In our study, there were 8 cases (9.5%) of BPAR after mTOR inhibitors start. Bilbao et al. reported an incidence of acute rejection in 14.9% of cases after conversion (Bilbao et al., 2015). The rejection rate in our cohort was low because 75% of patients maintained a low dose of TAC after mTOR inhibitor initiation and 20% of patients maintained a low dose of MMF. In the current population, the adverse event profile was similar with that reported in other mTOR inhibitor-treated populations (Chapman et al., 2017). In a recent observational CERTITUDE study (Saliba et al., 2019), the rate of stopping mTOR inhibitors due to the adverse events was relatively high, affecting approximately one quarter of patients (Nashan, 2018). In our study, the everolimus trough concentrations did not exceed the recommended levels for LT recipients. They were even closer to the inferior threshold at follow-up, causing none of the patients stopped mTOR inhibitors due to the adverse effects.

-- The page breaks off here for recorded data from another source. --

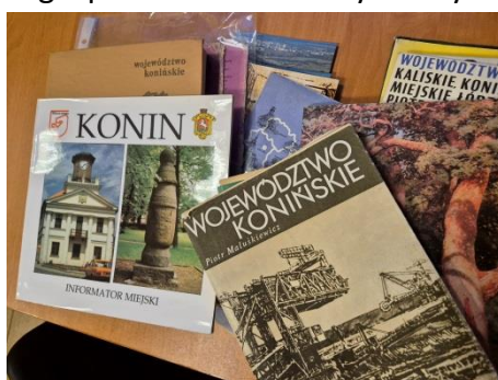
Wystawę książek, informatorów, map i przewodników turystycznych przygotowali członkowie Klubu Turystycznego PTTK w Koninie

Razem w Centrum * 28.04.2025 spotkali się amatorzy wędrowek na spotkaniu towarzysko - dyskusyjnym. Pierwszym punktem programu było przypomnienie utworzenia województwa konińskiego 1 czerwca 1975 r. Przygotowano wystawę wydawnictw z tamtego okresu i omówiono działalność Zarządu Wojewódzkiego PTTK w Koninie. Turystyka konińska rozwijała się wówczas od Uniejowa i Świnic Warckich po Pyzdry. Ciekawe było skonfrontowanie oddania do użytku ośrodka z basenami "na Skarpie" w 1976 r. z obecnymi planami zagospodarowania doliny Warty.
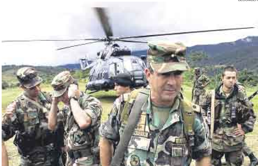
UN ESTRATEGA. El general Mario Montoya fue uno de los principales ejecutores de la operación Jaque.

Montoya no explicó la razón de su renuncia tras 39 años de
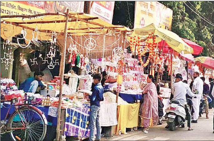
शहर के मुख्य मार्ग पर सजी दुकानें और खरीदारी करते लोग।
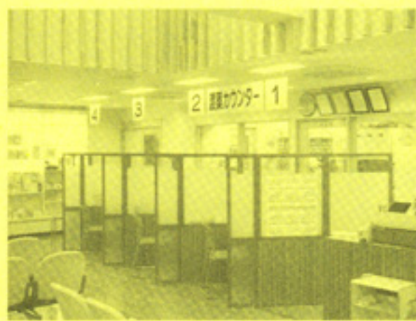
プライバシーの保てる渡薬カウンター
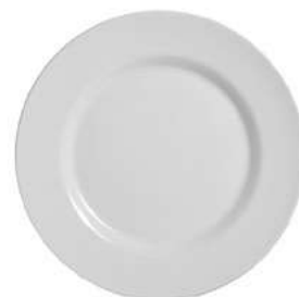
1076-103 Conj. de Pratos Sobre mesa 2,0xØ21 cm 6 peças
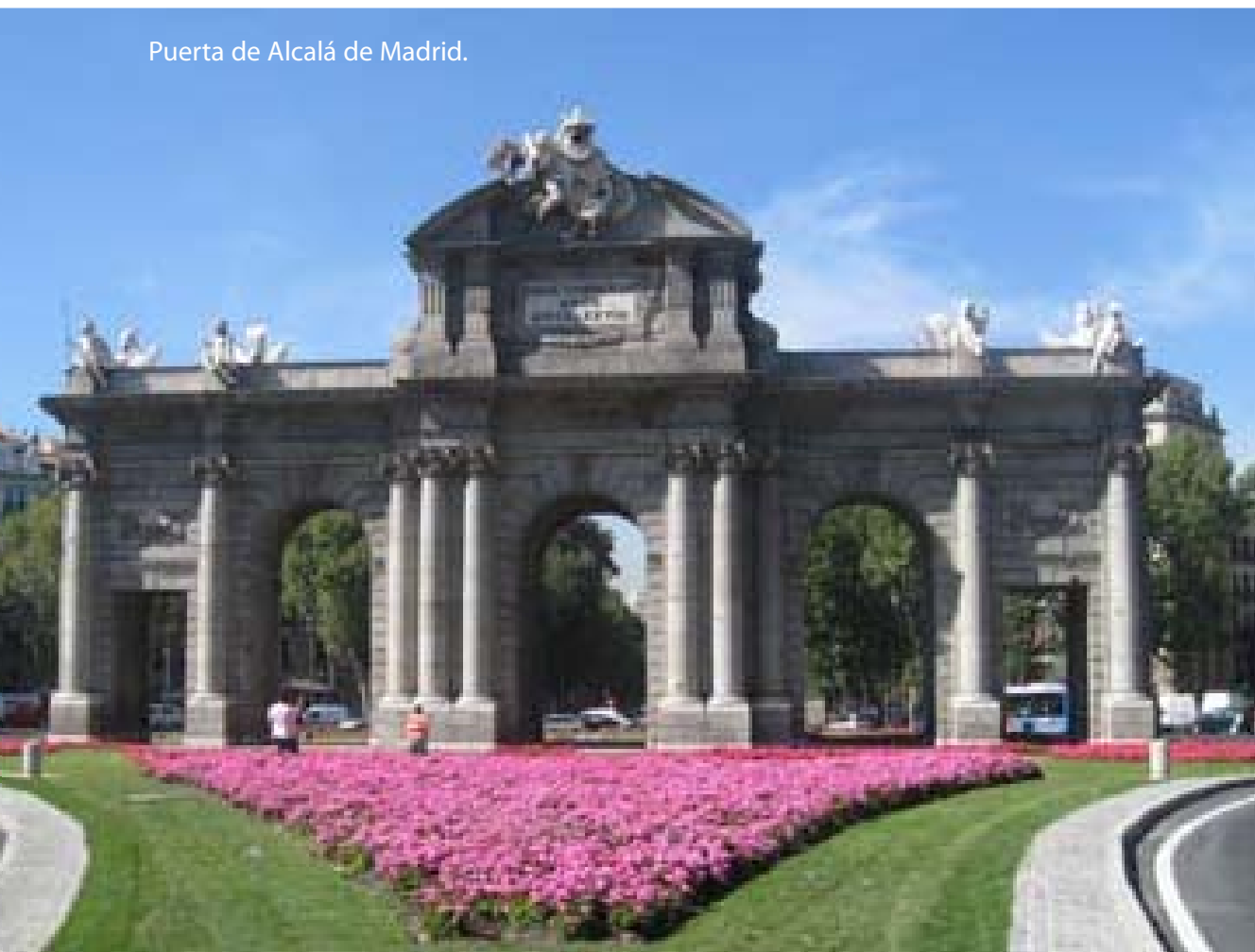
Puerta de Alcalá de Madrid.

Español (Futures). En 1993, se crea el Ministerio de Comercio y Turismo y se inicia el proceso de aplicación de la Agenda 21 para el turismo sostenible. En 1995, con la entrada en vigor del Tratado Schengen, se suprimen los controles aduaneros de personas entre siete países de la U.E., se crean el Consejo Promotor de Turismo y el Instituto de Calidad Hotelera Español (ICHE).
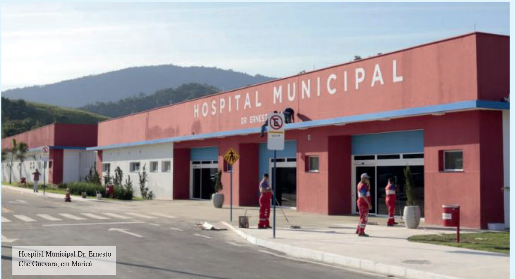
Hospital Municipal Dr. Ernesto Che Guevara, em Maricá

A Associação Saúde em Movimento informou, ainda, que um novo edital será disponibilizado no site da Organização Social em breve.
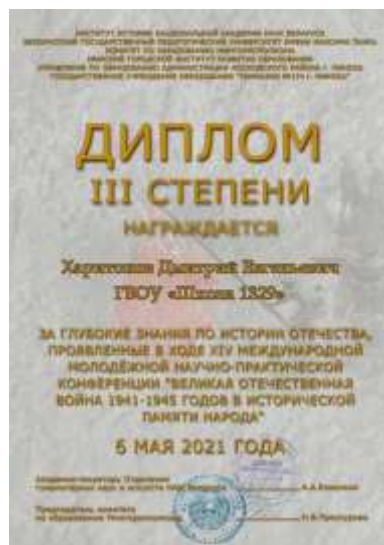
Конференция «ВОВ 1941-1945 годов в исторической памяти народа». 6 мая 2021
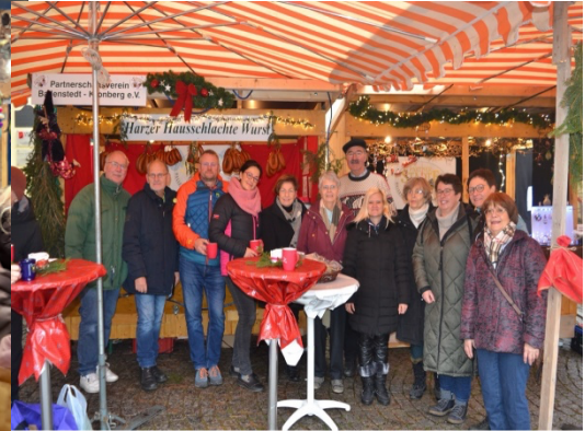
Weihnachtsmarkt in Kronberg

Liebe Mitglieder, liebe Freunde der Städtepartnerschaft Kronberg-Ballenstedt, sehr geehrte Damen und Herren,
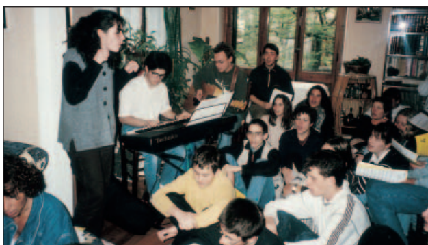
Réunion avec les jeunes

Je ne puis finir sans dire combien cette vie et mission communautaires ont rejailli sur ma vie professionnelle et enraciné la joie du travail ensemble. Chaque jour ma vie familiale et ma vie d'engagement gagnent en harmonie. ♦
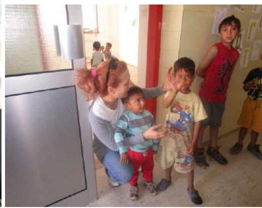
Се грижиме и за најмалите членови од семејствата...

Much controversy continues to surround the function of mTOR inhibitors in post-LT HCC recurrence prevention. As previously mentioned, a recent meta-analysis demonstrated that early mTOR-inhibitor-based immunosuppression improves recurrence-free survival over 3 years after LT and reduces the recurrence rate compared to the standard CNI-based immunosuppression, with no significant increase in the frequency of graft rejection (Grigg et al., 2019). In addition, H2304 trial showed that HCC recurrence was only observed in patients with TAC only regimen, but not in patients with everolimus with reduced TAC regimen at 12 months after LT (Jeng et al., 2018). Furthermore, at 24 months after LT, early introduction of everolimus with reduced TAC regimen was associated with the lower HCC recurrence in HCC patients beyond Milan (Lee et al., 2021). Indeed, immunosuppression strategies underpinned by mTOR inhibitors have been introduced in numerous institutions as standard clinical practice for HCC-transplanted cases, despite the lack of evidentiary scientific support (De Simone et al., 2017). Moreover, two recent multicenter prospective trials (one performed in Europe (Geissler et al., 2016) and the other performed in Korea (Lee K. W. et al., 2020) that compared mTOR inhibitor-only and TAC-only regimens in terms of the recurrence of HCC showed conflicting results for recurrence-free survival and overall survival after LT. Future prospective trials with a larger number of enrolled patients are needed to confirm the efficacy of mTOR inhibitors in preventing the recurrence of HCC.

The limitations of our study are as follows: retrospective study in a single hospital, a small number of analyzed patients, heterogeneity of the cohort, and relatively late conversion to mTOR inhibitors.

In conclusion, this study demonstrated the safety, efficacy, and renoprotective effects of mTOR inhibitors in LT recipients with HCC. This is the first real-life report of mTOR inhibitor application in Korea, where HBV infection is the principal cause of HCC and LDLT is predominant. Future prospective studies comprising patients with or without mTOR inhibitors will elucidate the blood levels and the role of mTOR inhibitors in rescuing renal function and prolonging recurrence-free survival and overall survival in LT patients.